From 76ce5c85571a2f0be590fcc2bf3ac800bcf1ba45 Mon Sep 17 00:00:00 2001
From: Markus Holzer <markus.holzer@onera.fr>
Date: Thu, 16 Jan 2025 11:01:12 +0100
Subject: [PATCH] FirstRun

---
 .../PorousMediaGPU/InitializerFunctions.cpp   | 50 +++++++--------
 .../PorousMediaGPU/InitializerFunctions.h     |  2 +-
 .../PorousMediaGPU/PorousMediaGPU.cpp         | 61 ++++++++++++++++---
 .../PorousMediaGPU/PorousMediaGPU.prm         | 13 ++--
 .../PorousMediaGPU/PorousMediaGPU.py          | 20 +++---
 python/lbmpy_walberla/packing_kernels.py      |  6 +-
 6 files changed, 96 insertions(+), 56 deletions(-)
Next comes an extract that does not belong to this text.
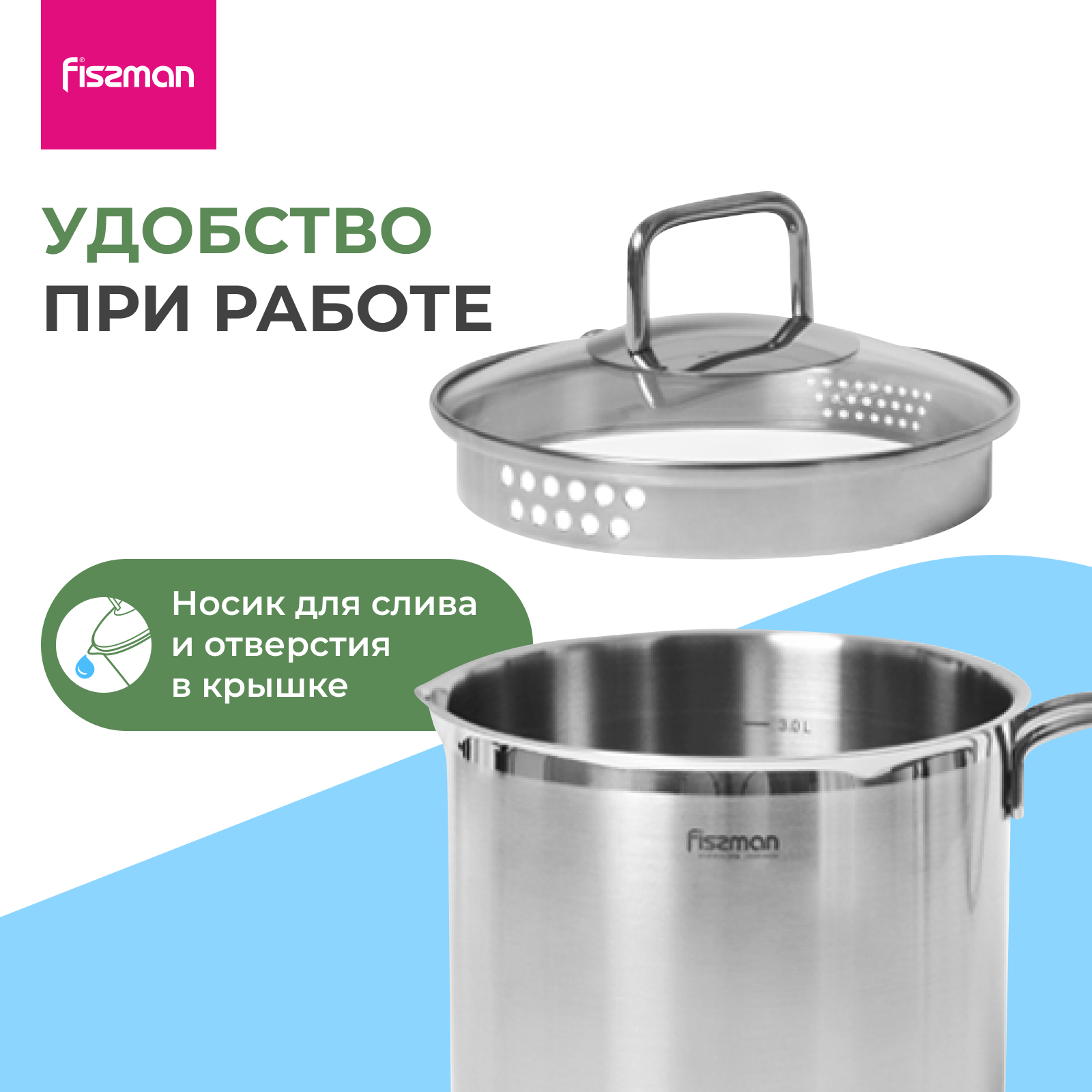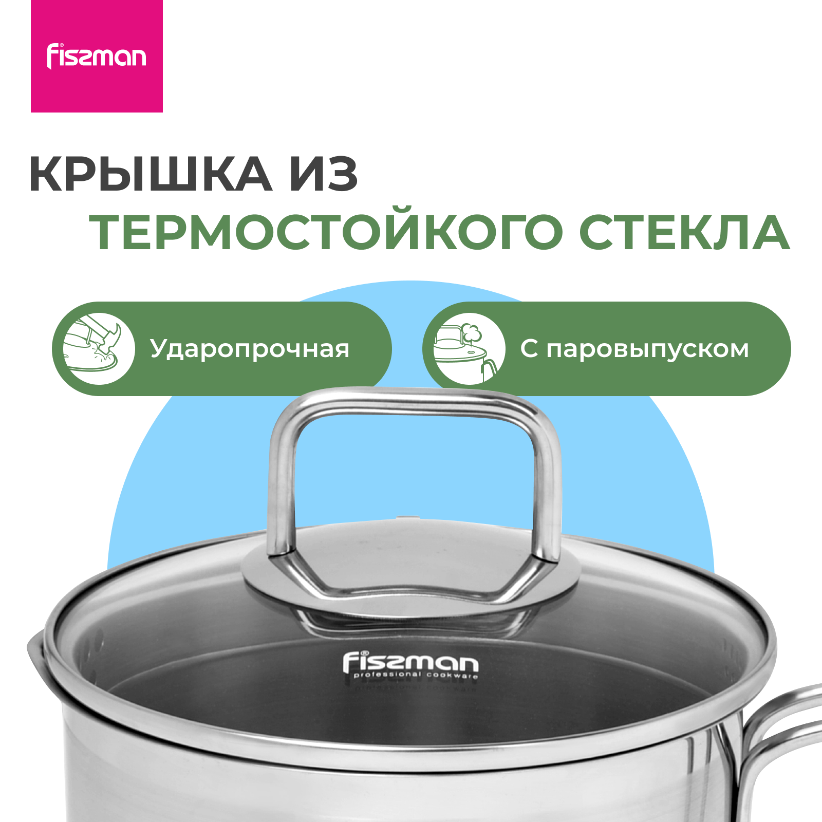 Купить 5099 FISSMAN Кастрюля ASPARAGUS для варки овощей 16x18см / 3,5л с крышкой (нерж.сталь) Вставка-пароварка с ручкой-нерж.сталь; Крышка-стекло; Индукция; Термоаккумулирующее многослойное дно

diff --git a/apps/showcases/PorousMediaGPU/InitializerFunctions.cpp b/apps/showcases/PorousMediaGPU/InitializerFunctions.cpp
index fb285f1c0..12b2336e2 100644
--- a/apps/showcases/PorousMediaGPU/InitializerFunctions.cpp
+++ b/apps/showcases/PorousMediaGPU/InitializerFunctions.cpp
@@ -34,48 +34,42 @@ using FlagField_T  = FlagField< uint8_t >;
 
 void init_TPMS(const shared_ptr< StructuredBlockStorage >& blocks, const BlockDataID flagFieldID,
                const FlagUID boundaryFlagUID,
-               const real_t kx, const real_t ky, const real_t kz)
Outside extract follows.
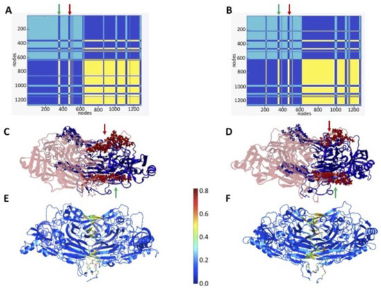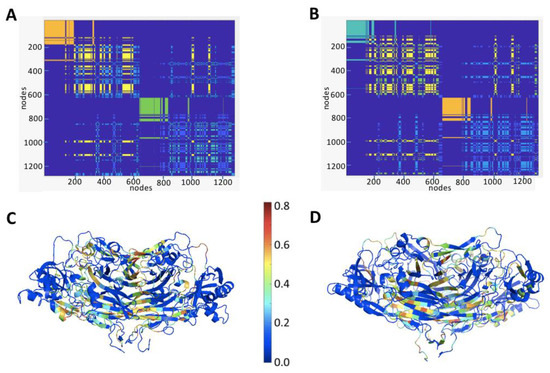 We adopted a protein contact network approach in order to reach a topological characterization of the protein models that were obtained with the MD simulation and a contact network analysis. This methodology is based on a coarse-grained strategy that focuses on the carbon-α distance between the nearest-neighbor amino acids [21], and that disregards the atomic details provided by the crystallographic and simulated protein structures. Since AOs are homodimers, as a first approach, a preliminary analysis in terms of the two clusters was attempted, and the main results of the analysis are reported in Figure 8A,B and in the clustering color map (cfr. Materials and Methods). The two main groups of amino acids, which are well recognizable in cyan and yellow, are almost coincident with the two protein subunits, in both the ELAO and the LSAO. The connectivity pattern is very symmetric for both proteins and is dominated by two relevant intersections that were observed in the blue quadrants around positions, ≈ 360 and 480 (see, for instance, the green and red arrows). Such “fringes” correspond to the amino acids that lie on the two arms that each subunit protrudes towards its mate (as is illustrated in Figure 8C,D) and that are, in fact, equivalently repeated in the rest of the clustering map (Figure 8A,B).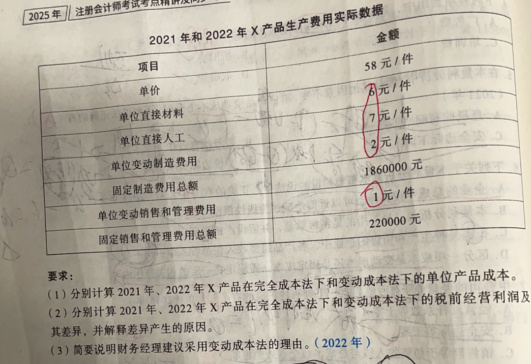 变动成本法下的单位产品成本仅包括变动生产成本,即单位直接材料、单位直接人工和单位变动制造费用。单位变动销售和管理费用不属于生产成本,因此不计入变动成本法下的单位产品成本。这是变动成本法的基本原则。

+               const real_t waveNumber, const real_t scaling)
 {
    const real_t parts = real_c(blocks->getDomainCellBB().xMax()) / real_c(10.0);
    const real_t start = parts * real_c(2.0);
-   const real_t end1 = parts * real_c(5.0);
-   const real_t end2 = parts * real_c(8.0);
+   const real_t end   = parts * real_c(8.0);
 
-   const real_t strut = real_c(0.0);
+   const real_t kx1 = waveNumber;
+   const real_t ky1 = waveNumber;
+   const real_t kz1 = waveNumber;
+
+   const real_t kx2 = waveNumber * scaling;
+   const real_t ky2 = waveNumber * scaling;
+   const real_t kz2 = waveNumber * scaling;
+
+   const real_t strut = real_c(1.0);
 
    for (auto& block : *blocks)
    {
       const auto flagField    = block.template getData< FlagField_T >(flagFieldID);
       const auto boundaryFlag = flagField->getOrRegisterFlag(boundaryFlagUID);
       WALBERLA_FOR_ALL_CELLS_INCLUDING_GHOST_LAYER_XYZ(flagField, Cell globalCell;
-         blocks->transformBlockLocalToGlobalCell(globalCell, block, Cell(x, y, z));
-         if (globalCell[0] > start && globalCell[0] <= end1)
-         {
-            const real_t kxi = kx;
-            const real_t kyi = ky;
-            const real_t kzi = kz;
+      blocks->transformBlockLocalToGlobalCell(globalCell, block, Cell(x, y, z));
+      if (globalCell[0] > start && globalCell[0] <= end)
+      {
+         Vector3<real_t> p;
+         blocks->getCellCenter(p, globalCell, 0);
 
-            const real_t dist = cos(kxi * x) * sin(kyi * y) + cos(kyi * y) * sin(kzi * z) + cos(kzi * z) * sin(kxi * x);
+         const real_t dist1 = cos(kx1 * p[0]) * sin(ky1 * p[1]) + cos(ky1 * p[1]) * sin(kz1 * p[2]) + cos(kz1 * p[2]) * sin(kx1 * p[0]);
+         const real_t dist2 = cos(kx2 * p[0]) * sin(ky2 * p[1]) + cos(ky2 * p[1]) * sin(kz2 * p[2]) + cos(kz2 * p[2]) * sin(kx2 * p[0]);
 
-            if (dist >= strut)
-            {
-               addFlag(flagField->get(x, y, z), boundaryFlag);
-            }
-         }
-         if (globalCell[0] > end1 && globalCell[0] <= end2)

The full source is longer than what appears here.